On a training exercise in 1945, the Tiger Moth he was flying lost control while attempting a landing due to heavy cross winds. The aircraft crashed and caught fire, killing the navigator instantly.

Sandy was knocked unconscious but eventually came to and crawled from the fuselage.

Sandy said: "I was knocked out when I hit the ground and I came to with the whole aircraft in flames...the chap who was in the front cockpit, who was acting as navigator, died instantly."

"I suppose climbing out of an inferno of a burning small plane was just an act of God."

Sandy suffered 40 per cent burns to his face, legs and hands and was initially treated in Birmingham where he underwent eight or nine operations, including skin grafts to replace his eye lids.

Sandy recalls the first time he saw his reflection in hospital: "There was a mirror on the wall over the wash basin and I was just horrified by what I saw."

Unfortunately his skin grafts failed and so he sought treatment at East Grinstead where he became one of Archibald McIndoe's Guinea Pigs.
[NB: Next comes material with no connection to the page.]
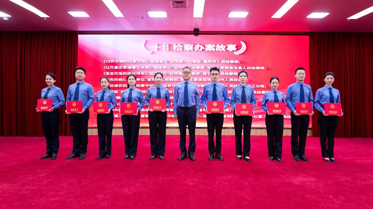 省检察院党组书记、检察长王守安为“十佳检察办案故事”颁发证书

Sandy says: "We were patients with a lot in common we had uncomfortable treatment and there was always somebody worse than you were, you tended to accept your disfigurements or other problems. You could not feel sorry for yourself when you saw people who'd had 60 operations, which was commonplace, and people who had lost both legs."

In total, Sandy endured 28 operations following his accident, and his treatment by Sir Archibald inspired him to pursue a career in medicine. He retrained as a general practitioner and practised for 40 years.